- **What is being asked**: The required output holds only the lines from the one containing "Cuando la transferencia" through the end of the material below, copied exactly, please, with no pictures.

- **Given information**:
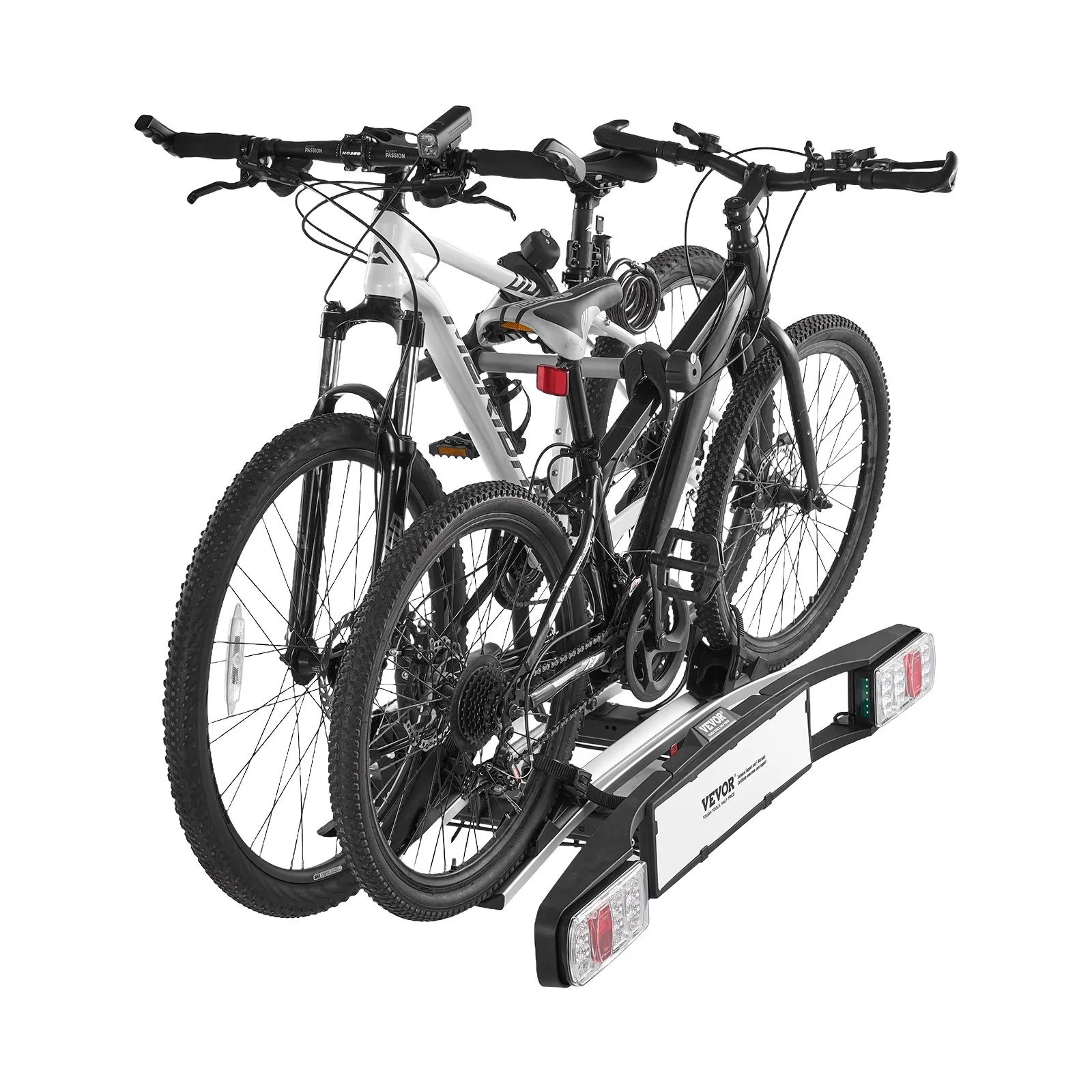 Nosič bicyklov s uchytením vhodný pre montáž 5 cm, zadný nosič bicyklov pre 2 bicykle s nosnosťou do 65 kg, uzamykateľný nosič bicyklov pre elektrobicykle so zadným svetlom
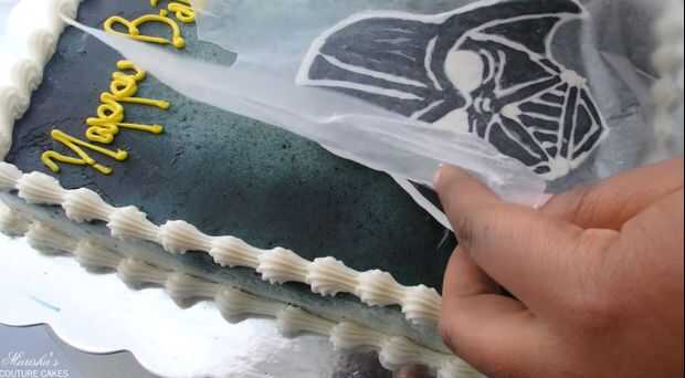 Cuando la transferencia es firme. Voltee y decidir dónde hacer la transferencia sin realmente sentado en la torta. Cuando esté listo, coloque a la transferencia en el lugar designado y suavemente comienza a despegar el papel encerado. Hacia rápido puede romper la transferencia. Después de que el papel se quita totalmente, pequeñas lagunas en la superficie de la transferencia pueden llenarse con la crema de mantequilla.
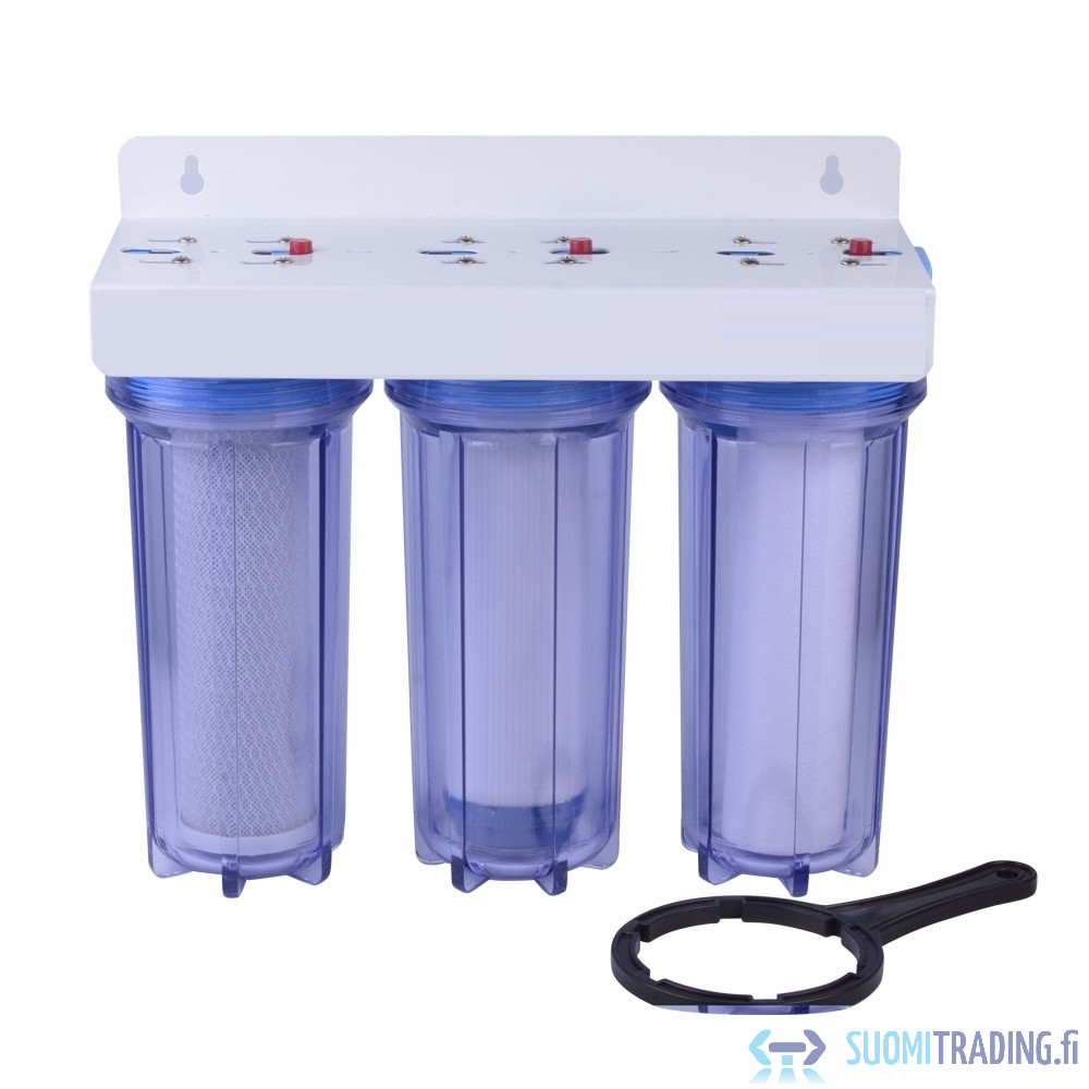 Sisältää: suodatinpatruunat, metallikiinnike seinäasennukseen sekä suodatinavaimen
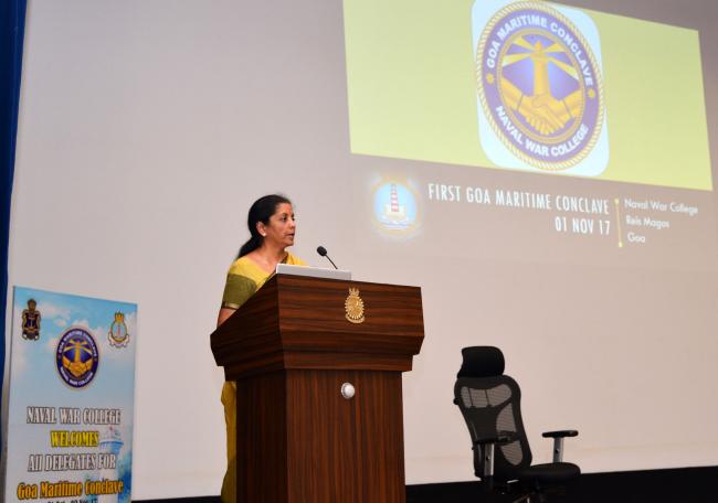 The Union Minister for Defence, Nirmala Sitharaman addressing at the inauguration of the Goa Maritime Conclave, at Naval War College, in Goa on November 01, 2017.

- **Answer to this problem**:
 Cuando la transferencia es firme. Voltee y decidir dónde hacer la transferencia sin realmente sentado en la torta. Cuando esté listo, coloque a la transferencia en el lugar designado y suavemente comienza a despegar el papel encerado. Hacia rápido puede romper la transferencia. Después de que el papel se quita totalmente, pequeñas lagunas en la superficie de la transferencia pueden llenarse con la crema de mantequilla.
 Sisältää: suodatinpatruunat, metallikiinnike seinäasennukseen sekä suodatinavaimen
 The Union Minister for Defence, Nirmala Sitharaman addressing at the inauguration of the Goa Maritime Conclave, at Naval War College, in Goa on November 01, 2017.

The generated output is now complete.